_Task description_
Begin with the first line of the material and write out each line exactly, ending with the line that contains "The stained-glass in". Pictures are not part of the copy.

%%

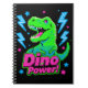 This 90s arcade-style T-Rex notebook features a pixelated green dinosaur with electric blue and hot pink accents. It brings 'Dino Power!' to life with a nostalgic, slightly distressed texture.
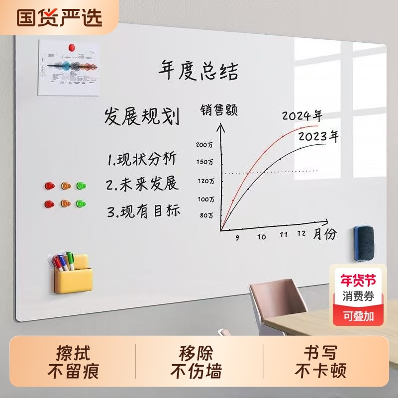 白板墙贴可移除磁性办公室儿童教学画板不伤墙家用黑板可擦写字板
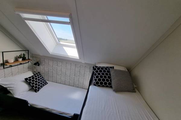 De eerste verdieping, die middels een trap vanuit de woonkamer kan worden betreden, beschikt over 3 slaapkamers: de hoofdslaapkamer met tweepersoons boxspring met badkamer ensuite; slaapkamer met tweepersoons boxspring; slaapkamer met 1 halfhoogslaper en 1 persoonsbed. Tevens een tweede badkamer met inloopdouche, wastafel en separaat toilet.
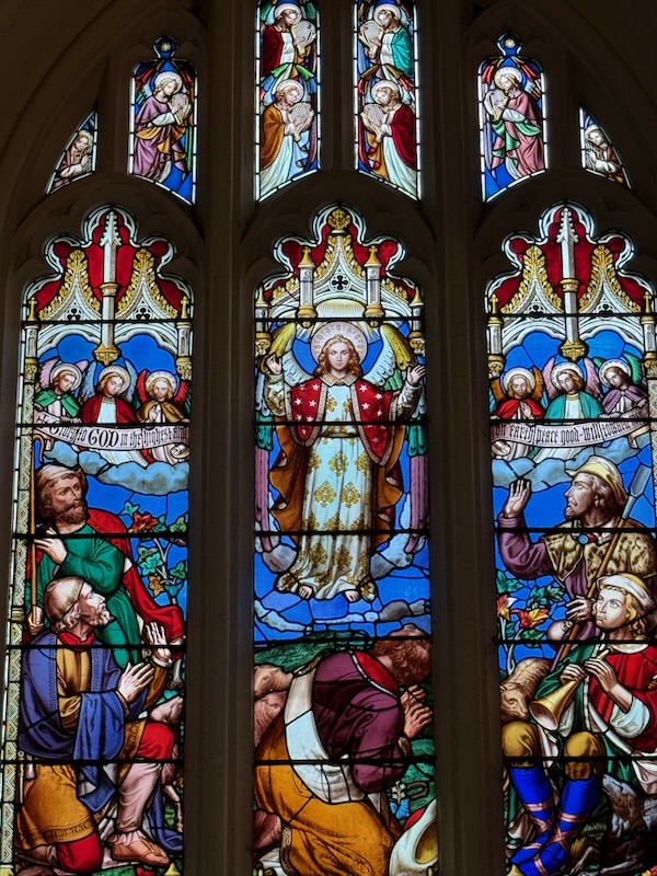 The stained-glass in this window was done in 1862 and the panels illustrate the death of Christ.
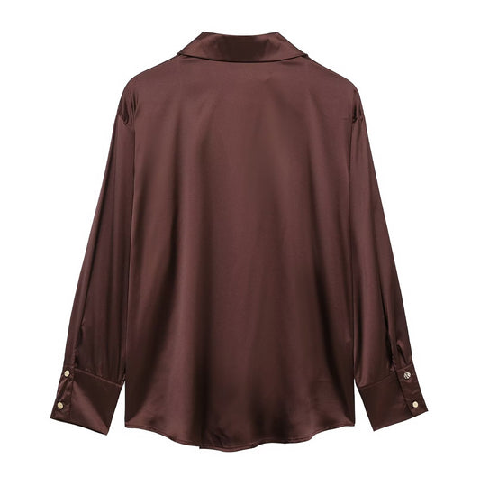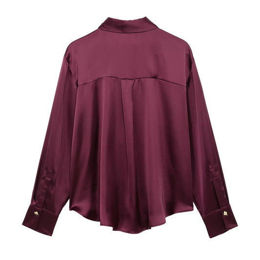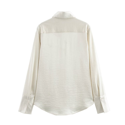 Autumn 2025 | Silk Satin Texture Long Sleeve Shirt with Pockets – Casual Office Essential
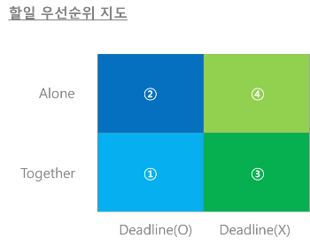 이런 아쉬움을 담아 실무자 관점에서 할 일 우선순위 지도를 제 나름의 기준으로 그려봤습니다. 수시로 갑작스러운 업무 지시를 받고, 여러 부서/사람과 관련된 스케줄을 맞춰 나가야 하는 PM, 중간 관리자 역할을 하는 실무자분들이 좀 더 효율적으로 업무를 처리하고, 성과를 거두는 업무 영역에 집중할 수 있었으면 합니다.
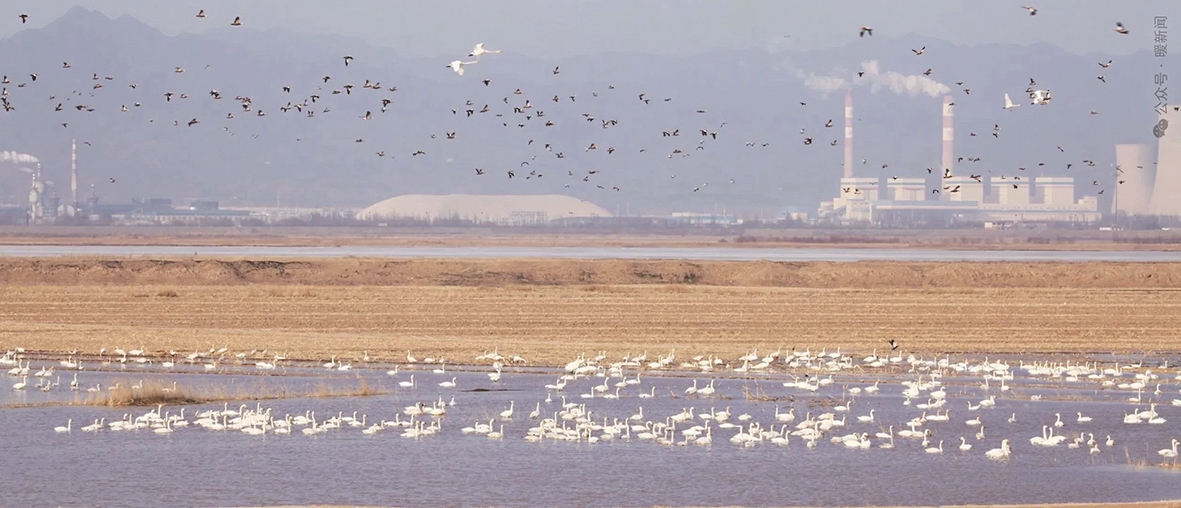 达拉特旗 达拉特旗境内的黄河湿地迎来了春季候鸟迁徙小高峰,数万只天鹅、灰鹤、赤麻鸭等北迁候鸟陆续抵达,在此停歇觅食。

%%

_Reply_
 This 90s arcade-style T-Rex notebook features a pixelated green dinosaur with electric blue and hot pink accents. It brings 'Dino Power!' to life with a nostalgic, slightly distressed texture.
 白板墙贴可移除磁性办公室儿童教学画板不伤墙家用黑板可擦写字板
 De eerste verdieping, die middels een trap vanuit de woonkamer kan worden betreden, beschikt over 3 slaapkamers: de hoofdslaapkamer met tweepersoons boxspring met badkamer ensuite; slaapkamer met tweepersoons boxspring; slaapkamer met 1 halfhoogslaper en 1 persoonsbed. Tevens een tweede badkamer met inloopdouche, wastafel en separaat toilet.
 The stained-glass in this window was done in 1862 and the panels illustrate the death of Christ.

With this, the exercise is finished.